In the embodiments described herein, the porous walls 220 of the honeycomb body 200 described herein may comprise open, interconnected porosity and the porous walls 220 may be made of a porous ceramic material or other suitable porous material that can withstand high temperatures in use, such as those encountered when used in engine exhaust after-treatment applications. For example, the porous walls 220 may be made of a ceramic material, such as cordierite, aluminum titanate, mullite, a combination of cordierite, mullite and aluminum titanate (CMAT), alumina (Al₂O₃), silicon carbide (SiC), silicon aluminum oxynitride (Al₆O₂N₆Si), zeolite, enstatite, forsterite, corrundum, spinel, sapphirine, periclase, combinations of the afore-mentioned, and the like. Other suitable porous materials may be used, such as fused silica or porous metal.
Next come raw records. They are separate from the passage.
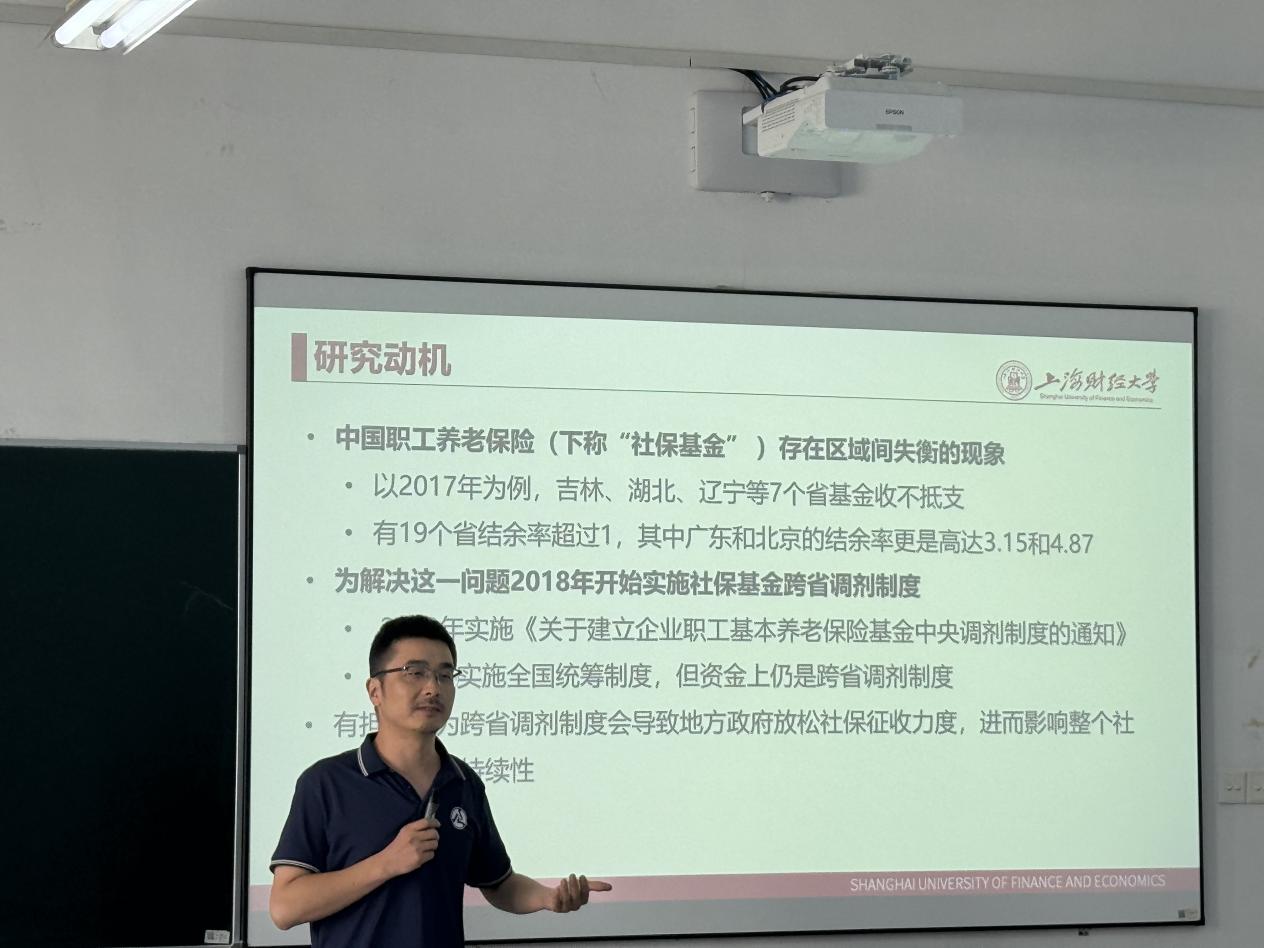 在李井奎教授简要开场后,讲座正式开始。唐老师基于《地方政府激励与社保改革效果:基于养老保险全国统筹制度设计的研究》这篇文章展开论述,其内容主要分为研究动机、主要发现、本文贡献、制度背景、识别策略、基本回归、稳健性检验、机制分析、进一步分析九个部分。本研究主要有三条发现,第一,跨省调剂制度使社保缴费率下降0.23个百分点,年均少征收超过1000亿。具体而言,信息不对称是放松征管的必要条件,而促进本地经济增长是放松征管的重要动机,从地区层面分析,无论是净调入地区还是净调出地区在政策实施后都放松了征收力度,此外,全国统筹制度对抑制放松征管的作用相对有限。第二,跨省调剂使地方政府放松非税征收力度,减少国有资本经营收入的上缴。第三,净调入地区增加了社保基金支出,由领取人数和发放标准共同提高驱动。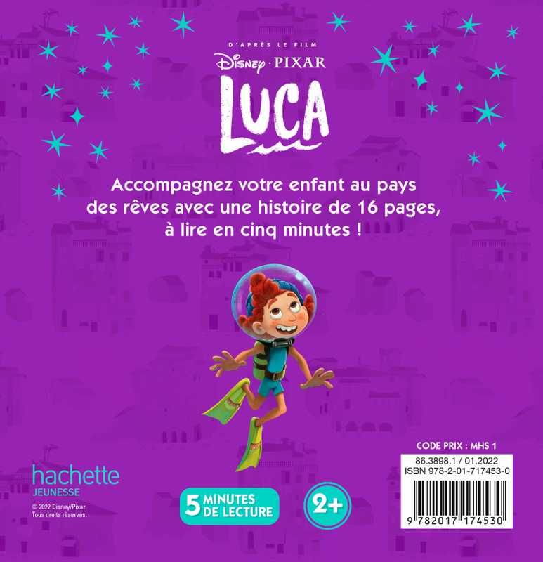 Dans cet ouvrage de 16 pages richement illustré, au texte court, facile et rapide à lire, découvrez une histoire dérivée du film Luca. Un texte adapté aux plus petits pour un temps de lecture de 5 minutes.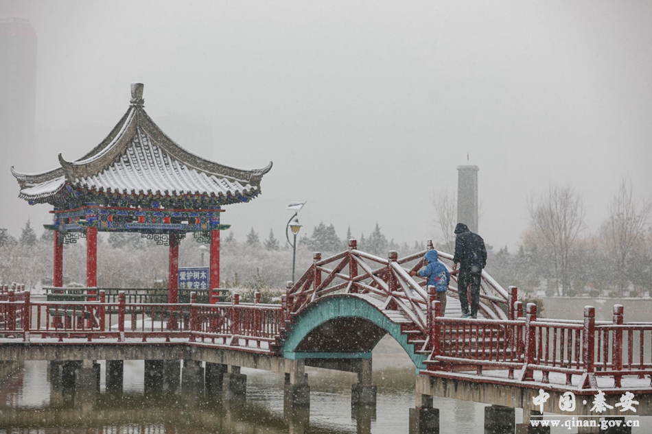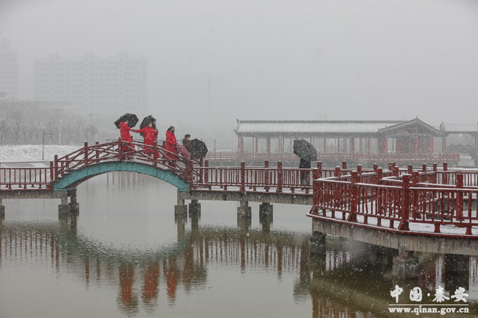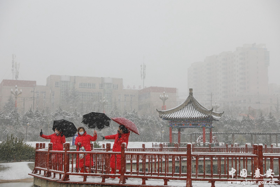 2月7日夜間,秦安縣迎來了兔年的第一場雪。2月8日一大早,路面上、房頂上、樹枝上都落滿了積雪, 潔白的雪花漫天飛舞,飄飄灑灑裝點了這座縣城,目之所及,銀裝素裹,皆是風(fēng)景,不禁令人產(chǎn)生瑞雪兆豐年的美好憧憬。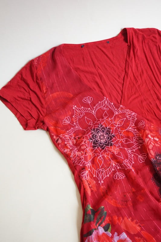 Desigual Red Y2K Mini Bodycon Floral Sheer Printed Overlay Dress - Size Medium

Pore formers may be added to the batch material to form the porous walls 220 having specific porosities.

In the case of ceramics, the porous walls 220 may be initially formed as non-porous walls during an extrusion process wherein a suitable plasticized batch material 33 (FIG. 1A) of inorganic and organic batch components and a liquid vehicle (e.g., deionized water) and possibly extrusion aids are extruded through the honeycomb extrusion die 34. The green honeycomb extrudate 37 produced may then be dried and fired to produce the described honeycomb body 200 comprising porous walls 220 as described herein.

The honeycomb body 200 may provide similar characteristics as honeycomb structures having different transverse channel shapes and higher cell densities. The lower cell density may lower the cost of the honeycomb body 200 by lowering the cost of the honeycomb extrusion die 34 (FIG. 1A). Catalytic efficiency is highest for matrices of channels with high geometric surface area, which are provided by channels 208 having triangular transverse cross-sections. The open frontal area (OFA) and hydraulic diameter of the honeycomb body 200 are proportional to gas flow restrictions through the honeycomb body 200. In some embodiments, the OFA is 83% or greater. In some embodiments, the hydraulic diameter of the channels 208 is 1.0 mm or greater.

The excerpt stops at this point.